We conducted t tests on the two conflict items. There was a significant effect for the overall measure of difficulty of deciding to consent, t (1,28) = −3.14, p < .01. Participants in the serious relationship condition had more difficulty with their decision to consent to sexual intercourse than did participants in the casual relationship condition, M (SD) = 2.88 (1.71) and 1.36 (.63), respectively. There was also a significant effect for participants' comparisons of the strength of reasons for and against consenting, t(1,27) = 2.18, p < .05. Every participant in the casual relationship condition rated the reasons against consenting as much stronger than the reasons for consenting, M (SD) = 5.00 (.00), whereas participants in the serious relationship condition showed more variability in their ratings, M (SD) = 4.63 (.62). In sum, there appears to be a clear difference between the two relationship conditions with respect to the amount of conflict experienced about consenting to sexual intercourse, with those in the serious relationship condition feeling more conflict about consenting to sexual intercourse than those in the casual relationship condition.
Dependent measures.
After the participants read the description of their relationship with the male character and the description of the first part of the date, the male character began to make sexual advances. After each level of sexual advance (kissing/breast fondling, genital touching/intercourse desire, and rape threat), participants were given a 14-item questionnaire that assessed the estimated likelihood of how they would respond to the sexual advance in question. Items were chosen to represent the general categories of responses described by Norris, Nurius, and Gaylord (1998): assertive resistance (e.g., “Push him away”), polite resistance (e.g., “Nicely or apologetically tell him that I don't want to have sex”), and passive responding (e.g., “Not try to do anything because it seems hopeless”). In addition, one item was included regarding the likelihood of wanting and consenting to the sexual activity. Items were rated on Likert scales (1 as not at all likely and 5 as very likely).
Manipulation checks.
A post-experimental questionnaire assessed length of relationship, commitment level of relationship, and amount of alcohol consumed during the study. Of the 62 participants, one did not pass the relationship manipulation checks and was dropped from the statistical analyses. Another participant, self-identified as lesbian, reported at the end of the experiment that she had great difficulty answering the dependent measures because the story was unrealistic for her. Her data were also eliminated from the analyses.
Procedure
Each participant was conducted through the study procedures individually by a female experimenter. Upon entering the laboratory, the experimenter verified the participant's age, as well as whether or not she had complied with the preexperimental guidelines regarding food and beverage consumption. The participant then read and signed an informed consent form, was weighed for the later alcohol administration, and completed a pregnancy screening. She was then given an initial Breathalyzer test to confirm that her BAC was .00 gm%.

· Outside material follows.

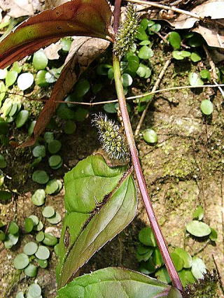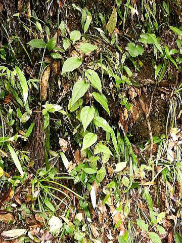 | 画像2 枝葉に絡まって蔓状に上にのびる、地上を這う、傾斜地では下にぶら下がるなど、周囲の環境で違うが、互生する葉は蔓の先端を向いて左右に開く。撮影:(2005.9.11 宮崎市) |
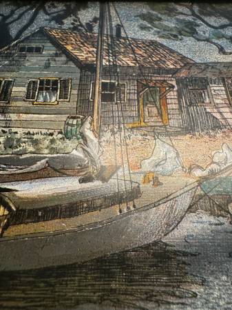 “Point Pleasant” Copyright Stand Pro Corp Lionel Barrymore USA 1878-1954 Drew Barrymore’s great-uncle https://www.artnet.com/artists/lionel-barrymore/ Etching 6”x8” Frame 11”x13”

The experimenter then informed the participant of her beverage condition, and poured three drinks, the contents of which differed according to experimental condition. A moderate dose (1.51 ml/kg) of 80-proof vodka, determined by body weight, was mixed in a 1:4 ratio with orange juice and administered to those in the alcohol condition, to target a BAC of .06 gm%. Control participants were given drinks of plain orange juice. Each participant was given 3 minutes to consume each drink and was told to pace her drinking evenly over the 3-minute consumption periods.
During a 15-minute absorption period, Breathalyzer tests were administered once every 5 minutes by the experimenter. At the end of this period, the experimenter gave the participant one of the two dating vignettes and left the room to ensure the participant's privacy while reading the story and completing the measures. The participant was then debriefed, given a resource sheet listing available services for acquaintance rape victims, and paid $10/hour for her participation. Participants who had consumed alcohol were required to remain in the laboratory until their BAC dropped below .03 gm%.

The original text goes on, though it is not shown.